A previous study on complications after thyroid surgery using data from SQRTPA showed that high age and male gender were independent risk factors for postoperative bleeding [4]. The present study included data from three times more patients and additional information from the attending surgeons, which enabled a nested case-control analysis to be performed and identified another independent risk factor.

Of the patients with postoperative bleeding, 64% were identified within 6 h and 80% within 12 h. Except for the morning procedures, it is difficult to extend observation over 6 h in most settings of day surgery. One-third (36%) of the patients with postoperative bleeding needed re-intervention after 6 h of postoperative care. One-tenth of postoperative hemorrhages were not apparent until more than 24 h after surgery.

Even though the individual risk for late postoperative bleeding is low, some patients will need re-intervention after the end of postoperative observation. Facilities for easy and quick access to professional care for these patients are needed in case of day surgery.

Elevated PK-INR was a significant risk factor in the univariate analysis in this study, although missing data makes this observation unreliable. In clinical practice, it is well known that elevated PK-INR is associated with higher risk for bleeding due to its effect on the coagulation system. Additionally, the abovementioned studies [5, 15] show that the use of anti-coagulants is associated with a higher risk for postoperative bleeding. Therefore, it is not recommended to plan day surgery on patients with elevated PK-INR or those taking anti-coagulants.

Some limitations of the current study are acknowledged. The nested case-control study was retrospective per se, but identification of patients with postoperative bleeding was based on prospective registration of data. There were some missing data for some variables, which may hamper analysis and the interpretation of the results.

Considering the results of this study, female patients under the age of 50, without a substernal goiter, with no drains placed in the wound, gland weight < 200 g, and normal PK-INR before surgery, have a low risk for postoperative bleeding and could be selected for outpatient thyroid surgery.

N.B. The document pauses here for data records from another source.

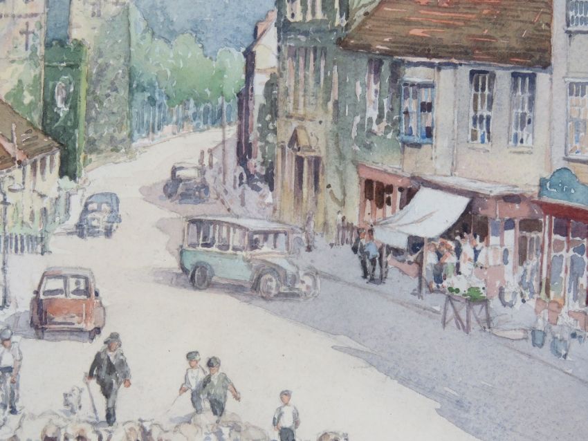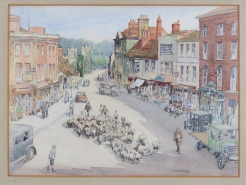 Frank Brown, 20th century watercolour, driving sheep through 'Buckingham High St. from Town Hall'. Signed lower right, titled verso. 16 x 20 1/2" ( 40.7 x 52.1cm). In a modern British frame.
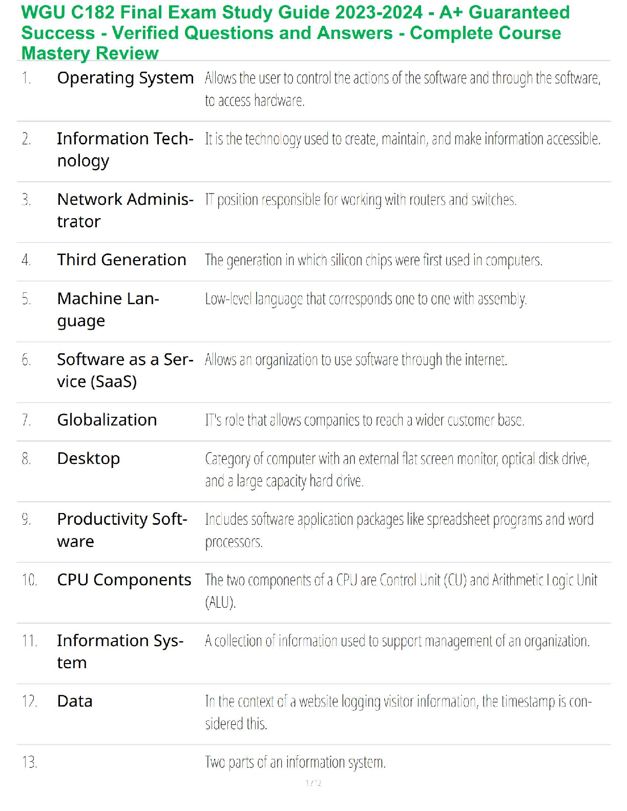 Critical Thinking > QUESTIONS & ANSWERS > WGU C182 Final Exam Study Guide 2023-2024 - A+ Guaranteed Success - Verified Questions and Answers - Complete Course Mastery Review
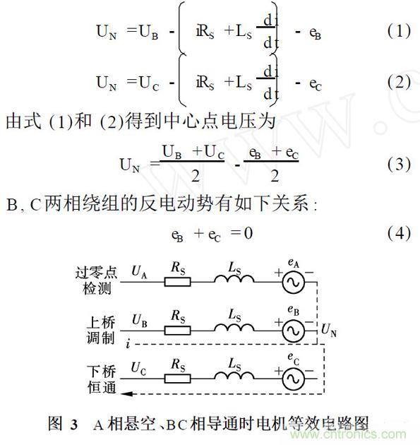 BC和CB 區(qū)為A 相懸空階段,將2個區(qū)域各自分為Ⅰ和Ⅱ兩個時段,如圖2 ( b)所示. 以BC 區(qū)為例,此時電流從B 相繞組流進, C 相繞組流出,如圖3所示. 圖中, RS 和LS 分別表示定子繞組的等效電阻和電感, UN 為電機中心點電壓, i為相電流. 忽略功率開關(guān)和二極管的正向?qū)▔航? 根據(jù)基爾霍夫電壓定律可得
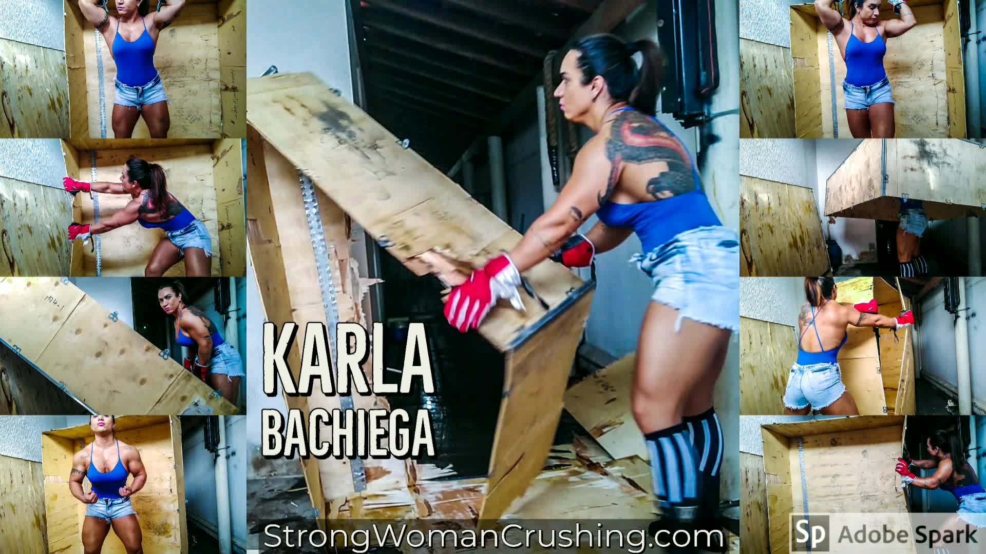 karlaKarla, she is a perfect Amazon. Beautiful, muscular, strong and loves to show her strength. She wanted something big to destroy, so we arranged a big piece of furniture to be destroyed. She broke all those wooden parts some metal parts were reinforcing it but those bent as they re nothing. She is bigger and better.
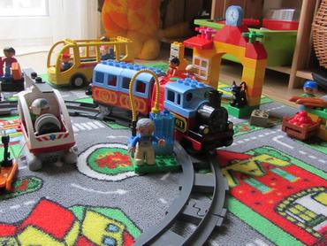 Jó dolog, hogy az építőelemek mellett számtalan figura, autó, egyéb kiegészítő kapható, így sokáig fenntartható az érdeklődés. Mára középsős ovis és állandóan beszél, mesél. Hol a kutyás rendős bácsi bőrébe bújik és lefüleli a bolti tolvajt, hol egy kislányt ültet be az iskolabuszba, hogy nehogy elkéssen az iskolából. De a legújabb kedvence egy elemes kisvonat, ami egyszer utasokat, máskor állatokat szállít és naponta számtalanszor meg kell tankolni, mert a hang, amit ilyenkor hallani, irtó vicces.
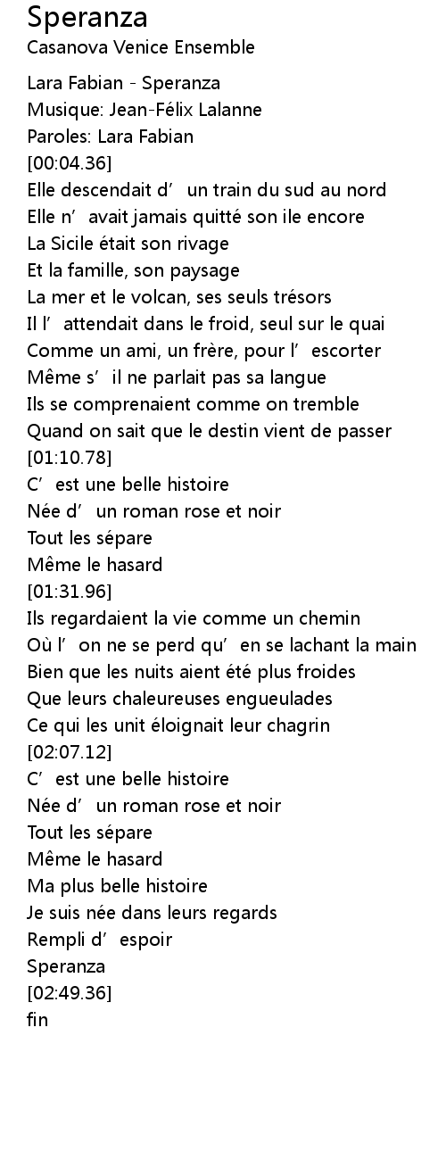 | [00:00.00] | Lara Fabian Speranza |
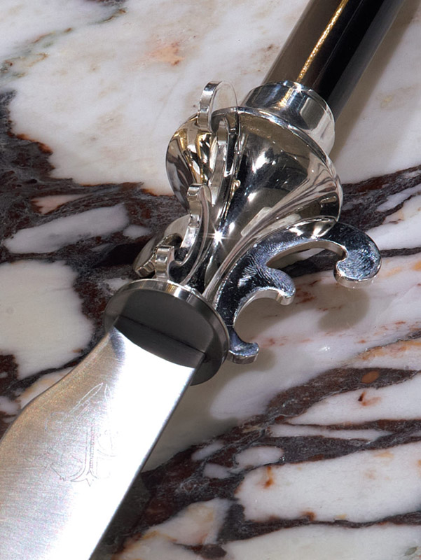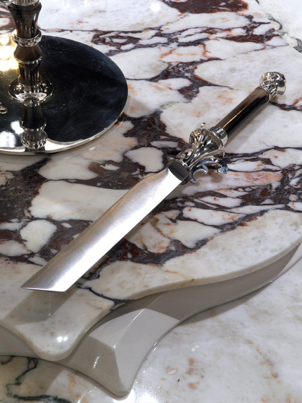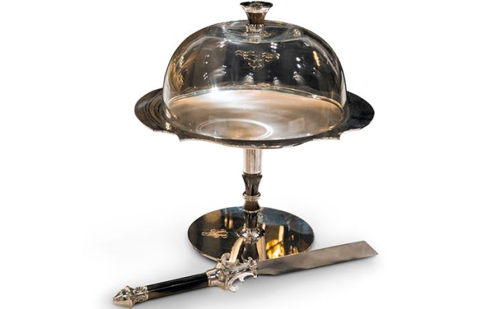 Ножка из рога и посеребренной латуни. Стеклянная крышка с латунной ручкой, с логотипом Visionnaire. Нож. Ручка из рога и посеребренной латуни или цельного серебра. Стальное лезвие.
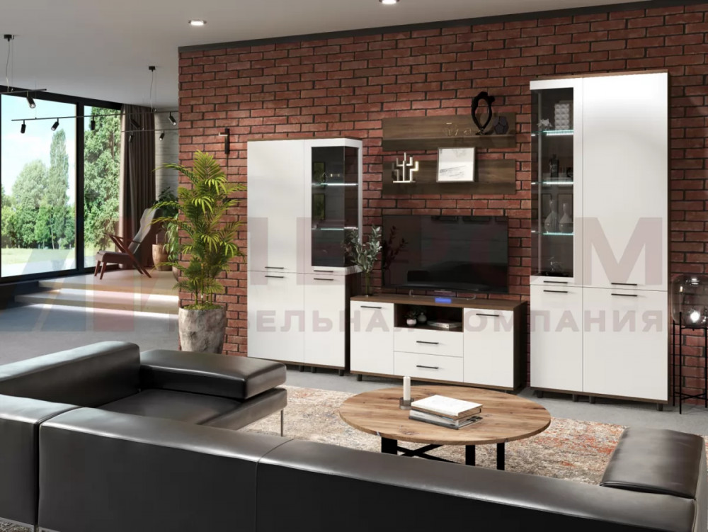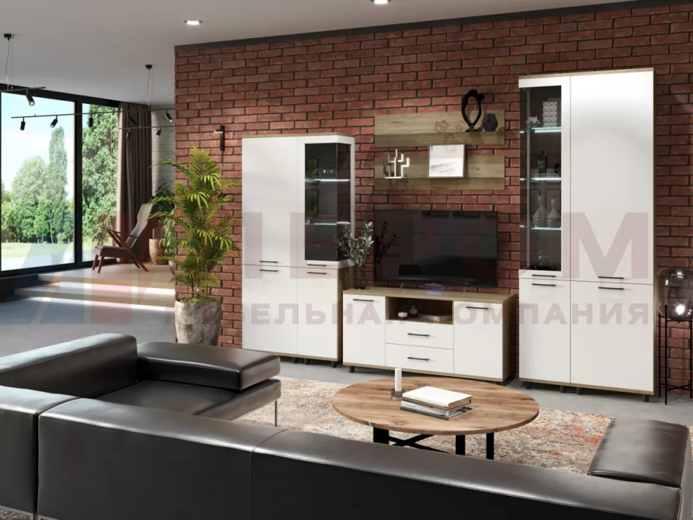 СИДНЕЙ-1 Центральная секция (ш1850*г430*в2000мм), ЛДСП Белый/ЛДСП Ателье светлое

However, the risk for postoperative bleeding is only decreased by 47% in this group, which means that even in this selected group, one out of a hundred patients still needs an intervention for postoperative bleeding.

Conclusion

Age over 50 years, male gender, and a drain are independent risk factors for postoperative neck hematoma after thyroid surgery and having thyroid cancer with distant metastasis is associated with this complication. Slightly less than two-thirds of the patients bleed within 6 h postoperatively whereas 36% suffer from bleeding beyond the 6-h observation period. Very careful patient selection is mandatory for practicing outpatient thyroid surgery.